На столе появились фаянсовые кружки, чайник. Белая скатерть с синей махровой каймой, стираная-перестиранная, оживила скромную обстановку.
— Ты что, дедок? — удивленно спросил я, видя, что Таня расставляет тарелки. — Угощать собираешься?
— А как же! Чем богаты, тем и рады. Я же манил тебя в гости, — он подмигнул мне, — а ты все ломался.
— Напрасно, отец. Время дорого… Мы…
Старик взглянул на меня с таким укором в глазах, что я не окончил фразы. Видно, мало было радости у этих людей и давно не сидел за их столом близкий человек.
Я быстро сбросил пальто и сел за стол. Собственно, торопиться мне было некуда. Прошло всего сорок пять минут, как я покинул Опытную станцию.
Семен последовал моему примеру. Он отстегнул от поясного ремня флягу, выразительно посмотрел на меня и приладил ее, чтобы она не упала, к заварному чайнику.
Таня подала на стол большую сковороду с пузатыми, докрасна зажаренными карасями и солонку с крупной серой солью.
— Что это за надпись грозная красуется на вашем заборе? — спросил я Кольчугина.
— Это Таня смастерила, — ответил старик. — Туда, где такая вывеска, немцы в жисть ногой не ступят. Уж больно боятся они сыпняка. Пуще, чем черт ладана.
Мы рассмеялись выдумке Тани. Семен разлил спирт по кружкам, разбавил его водой, мы чокнулись и выпили. Таня, едва пригубив кружку, поставила ее на стол.
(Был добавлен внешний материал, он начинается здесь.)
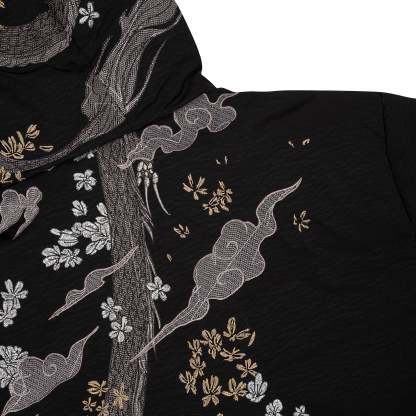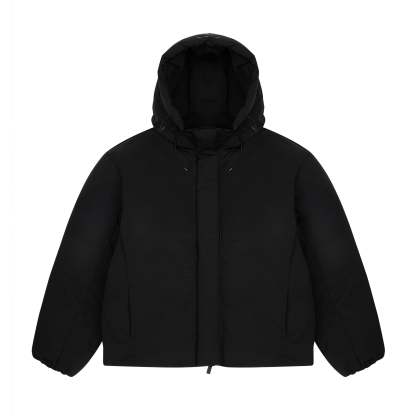 117gsm parachute fabric / duck down filling / 100% nylon / wind- and waterproof / polyester lining / embroidery on back and hood / with JKJ zipper and velcro / fits true to size

— На-тка, откушай карасика! — И старик подсунул сначала мне, а потом Семену по жирной, чиненной пшеном рыбине. — Знатная рыбешка! Все ребята свои выручают, подбрасывают.
22. Приключение в лесу под Пензой
Прикончив пятого карася, я вооружился карандашом, бумагой и быстро исписал целый листок. Это было мое первое донесение. Я отдал его Семену, и он молча кивнул.
Потом я спросил Семена:
— Кто у тебя радист?
— Раздушевный паренек шестнадцати годков и ростом с винтовку.
— Постарше не было?
— Да я этого ни на кого не променяю. Золото, а не парень! Был постарше…Я же дважды к вам прыгал…
— Как это — дважды?
— А так. Накрохина помните?
— Конечно.
— Так вот, первый раз я прыгал с ним.
— Ну… и в чем дело? Что ты тянешь?
— Да тут длинная история…
— Ну, ну, выкладывай!. Будете слушать? — спросил я хозяев.
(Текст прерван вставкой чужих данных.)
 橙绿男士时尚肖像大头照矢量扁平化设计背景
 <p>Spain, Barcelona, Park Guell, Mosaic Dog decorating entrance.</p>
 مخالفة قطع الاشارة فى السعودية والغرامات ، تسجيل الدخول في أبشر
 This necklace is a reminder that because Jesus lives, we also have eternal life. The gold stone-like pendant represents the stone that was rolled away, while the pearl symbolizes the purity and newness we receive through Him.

И Фома Филимонович и Таня дружно закивали.
— Смотрите, — предупредил Семен, — минут пятнадцать украду у вас, но послушать стоит, не пожалеете.
Закурили. Семен пересел с топчана на табуретку и начал рассказывать «длинную историю».
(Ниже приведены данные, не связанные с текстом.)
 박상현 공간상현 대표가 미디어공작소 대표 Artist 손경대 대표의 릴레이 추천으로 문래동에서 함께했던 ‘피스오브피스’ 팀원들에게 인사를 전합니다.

— Погода в тот день стояла неважная. С полудня запуржило, задула поземка, а к вечеру закрутила метель. Я и Накрохин решиличто в такую погоду о вылете и думать нечего. Метет так, что за десять шагов трудно что-нибудь разобрать. И вдруг уже в полночь открывается дверь и входит в хату весь залепленный снегом известный вам майор Коваленко.
Отряхнулся он и говорит:
«А ну, собирайтесь и живо в сани! Поедем на аэродром».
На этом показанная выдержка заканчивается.